Risk assessment of a layered slope considering spatial variabilities of interlayer and intralayer

Abstract

While many studies have analyzed the effects of spatial variabilities of intralayer soil parameters on the probability of failure and risk of layered slopes, there is a paucity of research on the effects of interlayer variability. This paper is intended to investigate the influence of interlayer variability on the mechanical responses of a layered slope, as well as the effects of spatial variabilities of strength parameters of intralayer soils. To characterize the uncertainty of intralayer and interlayer spatial variabilities of layered geologic profiles, an integrated random field is developed using the program of FLAC based on both the two-dimensional random field theory and one-dimensional random process theory. Particularly, the random field for the interlayer transition zone is generated by a linear interpolation technique.
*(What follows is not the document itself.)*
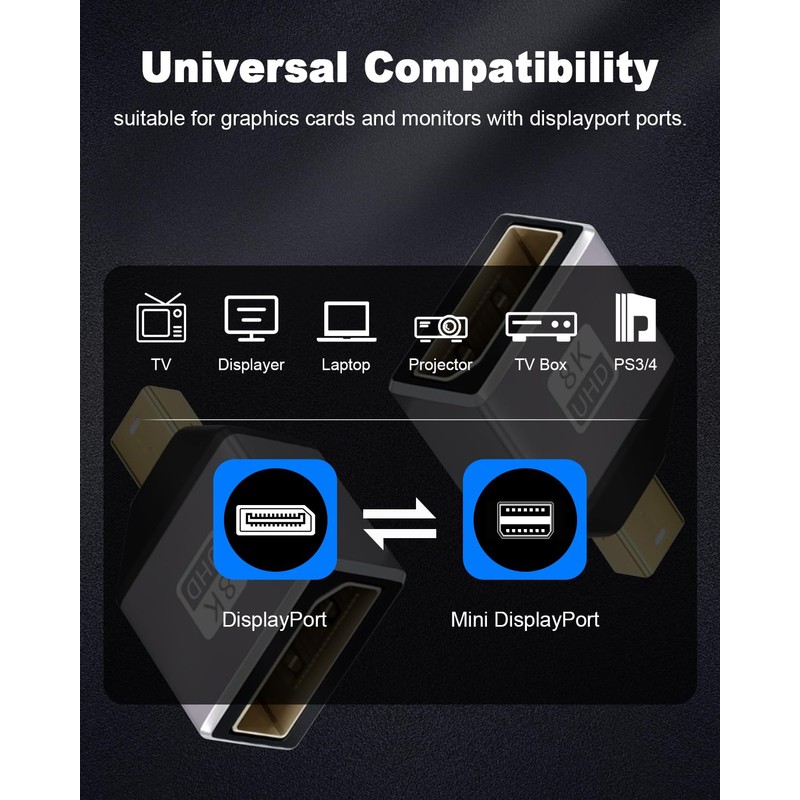 • Plug and play, our 8K Mini DisplayPort to dp adapter features 24k gold-plated connectors, which are more corrosion-resistant compared to nickel-plated connectors. The high-quality aluminum alloy casing ensures durability for stable video and audio signal transmission. It can be plugged and unplugged up to 15,000 times. Packaging: 2 Pack.

Within the framework of Monte-Carlo simulation, a large number of stochastic calculations for a two-layered slope are conducted to evaluate the influences of spatial variabilities of both interlayer and intralayer on the stability and risk of the slope. The results show the failure mode of a two-layered slope changes greatly due to the stochastic layered boundary. It is also noted that the probability and risk of slope failure might be underestimated if ignoring the uncertainty arising from layered boundary and layered transition zone. The proposed equations can provide helpful information when investigating the probability and risk associated with layered slopes.